▸ **Task brief**: Take the records below and set down exactly the lines from the one with "ท็อปเปอร์เค้กอะคริลิค รูปสายรุ้ง น้ำผึ้ง" to the one with "- libreria, fianchi", ends included; do not copy the pictures.
☆ ☆ ☆
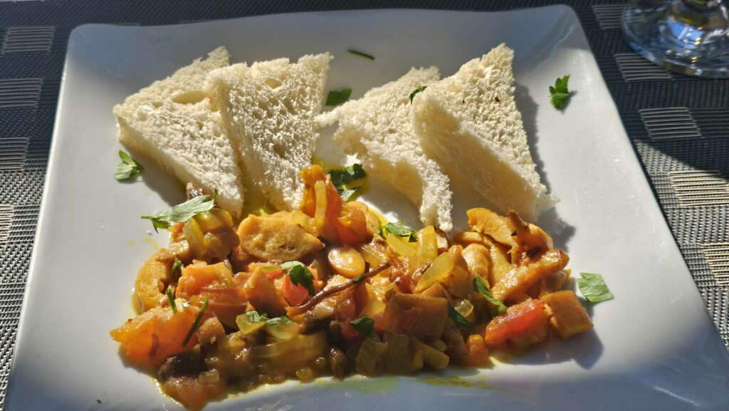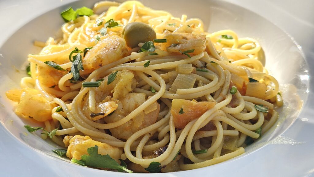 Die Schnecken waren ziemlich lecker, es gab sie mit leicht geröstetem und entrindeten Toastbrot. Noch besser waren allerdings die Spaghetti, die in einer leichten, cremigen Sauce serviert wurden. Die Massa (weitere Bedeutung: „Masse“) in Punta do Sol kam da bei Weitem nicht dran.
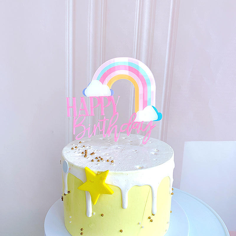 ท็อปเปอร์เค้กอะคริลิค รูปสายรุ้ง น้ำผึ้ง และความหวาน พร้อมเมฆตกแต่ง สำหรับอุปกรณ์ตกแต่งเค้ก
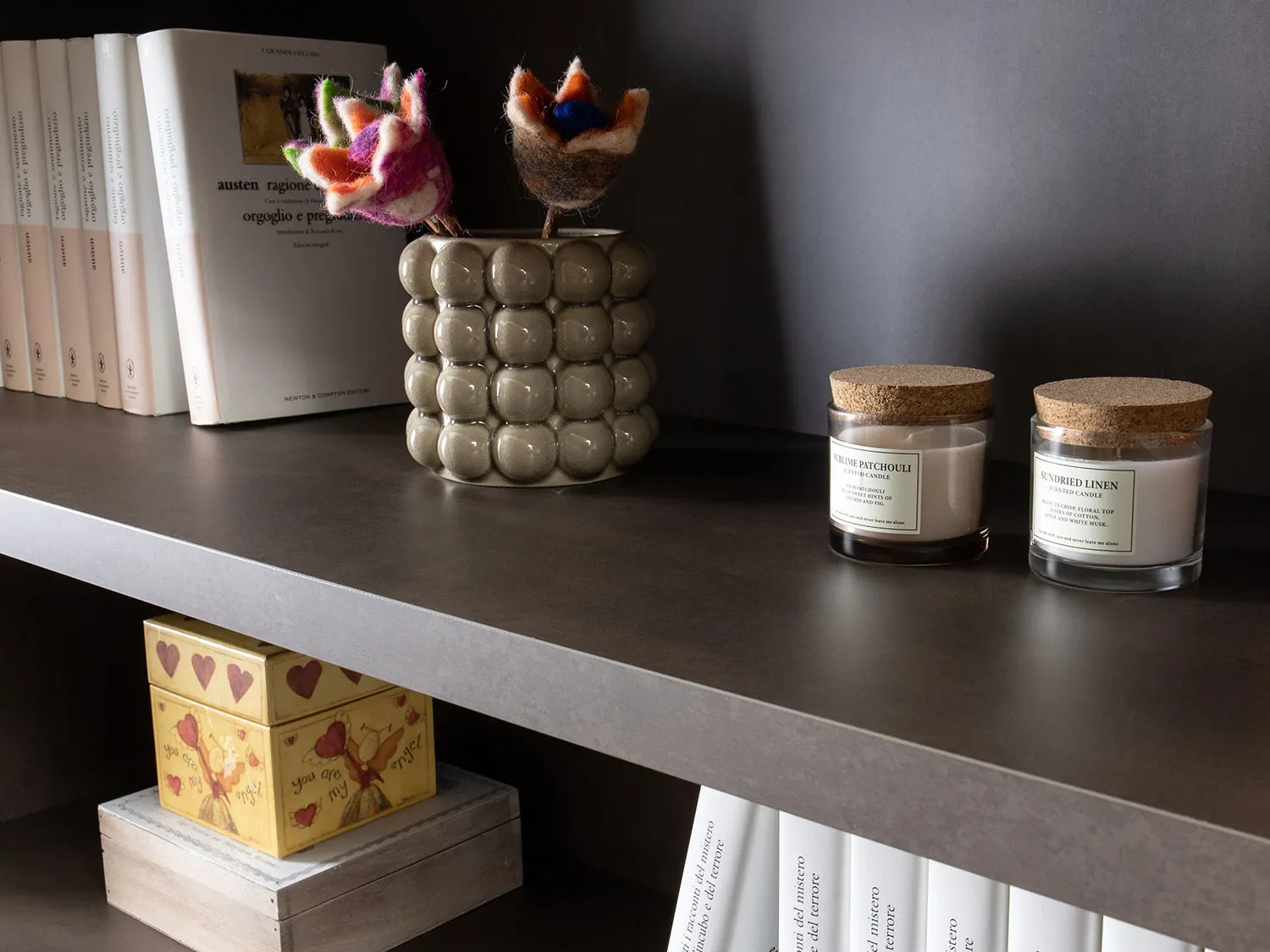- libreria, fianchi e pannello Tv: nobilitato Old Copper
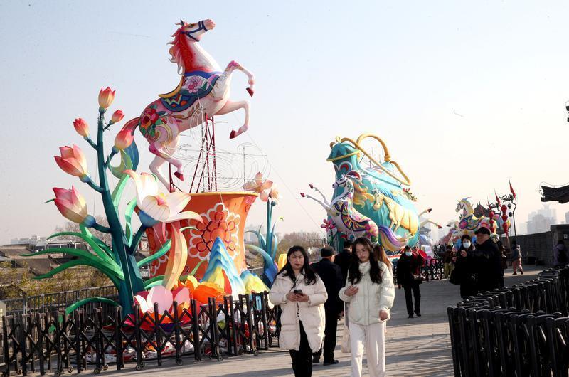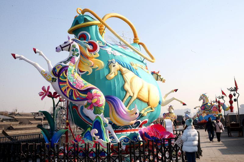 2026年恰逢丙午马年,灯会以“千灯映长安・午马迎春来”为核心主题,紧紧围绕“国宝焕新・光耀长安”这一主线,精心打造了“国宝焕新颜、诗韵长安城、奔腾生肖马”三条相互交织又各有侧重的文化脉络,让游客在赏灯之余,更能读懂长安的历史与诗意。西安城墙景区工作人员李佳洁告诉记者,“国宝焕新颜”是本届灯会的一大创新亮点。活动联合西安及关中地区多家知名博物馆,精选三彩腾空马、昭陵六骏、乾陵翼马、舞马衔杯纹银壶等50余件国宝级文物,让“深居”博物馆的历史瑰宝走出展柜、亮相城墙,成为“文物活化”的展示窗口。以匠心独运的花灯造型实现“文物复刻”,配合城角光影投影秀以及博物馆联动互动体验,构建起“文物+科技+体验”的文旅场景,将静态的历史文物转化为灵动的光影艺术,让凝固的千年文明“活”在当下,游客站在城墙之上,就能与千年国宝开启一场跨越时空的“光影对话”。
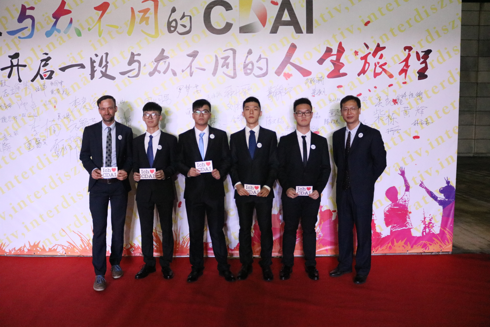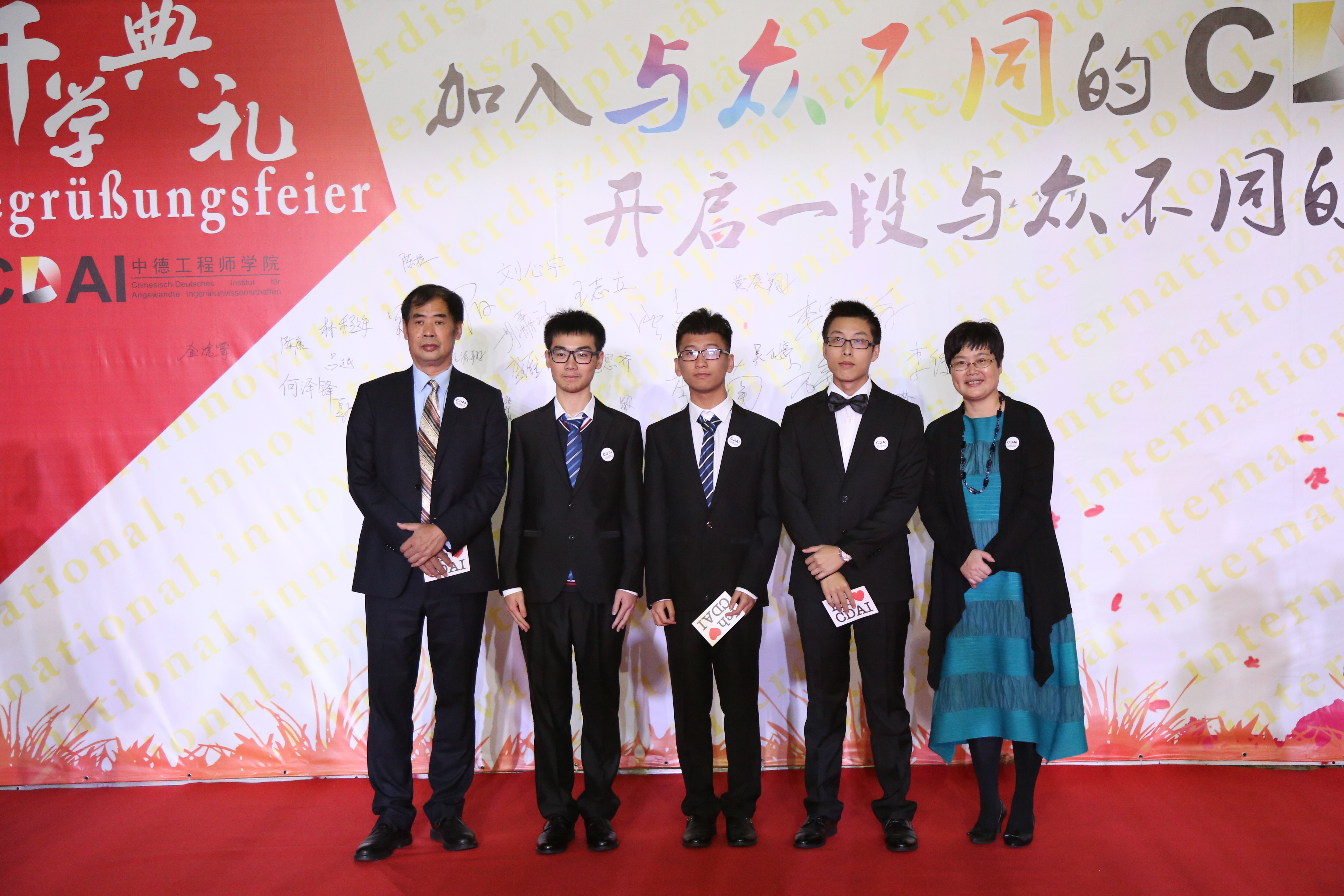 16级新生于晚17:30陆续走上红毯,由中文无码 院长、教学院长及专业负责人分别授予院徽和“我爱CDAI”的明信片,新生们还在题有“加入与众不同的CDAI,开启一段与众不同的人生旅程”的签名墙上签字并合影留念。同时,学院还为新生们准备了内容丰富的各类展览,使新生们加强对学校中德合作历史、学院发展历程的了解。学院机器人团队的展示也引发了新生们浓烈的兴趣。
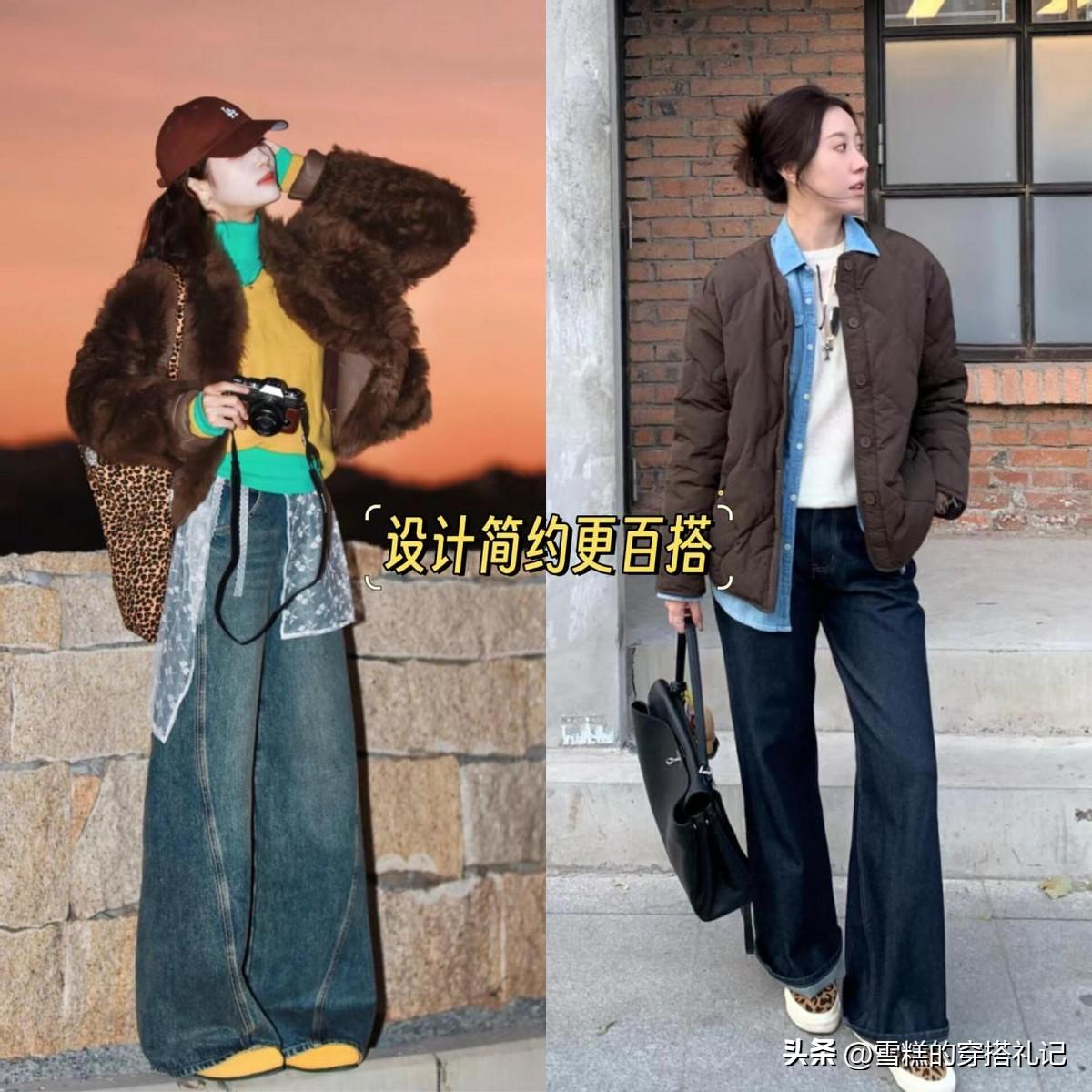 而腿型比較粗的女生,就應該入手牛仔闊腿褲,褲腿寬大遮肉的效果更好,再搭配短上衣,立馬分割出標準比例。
☆ ☆ ☆
▸ **Answer area**:
 ท็อปเปอร์เค้กอะคริลิค รูปสายรุ้ง น้ำผึ้ง และความหวาน พร้อมเมฆตกแต่ง สำหรับอุปกรณ์ตกแต่งเค้ก
- libreria, fianchi e pannello Tv: nobilitato Old Copper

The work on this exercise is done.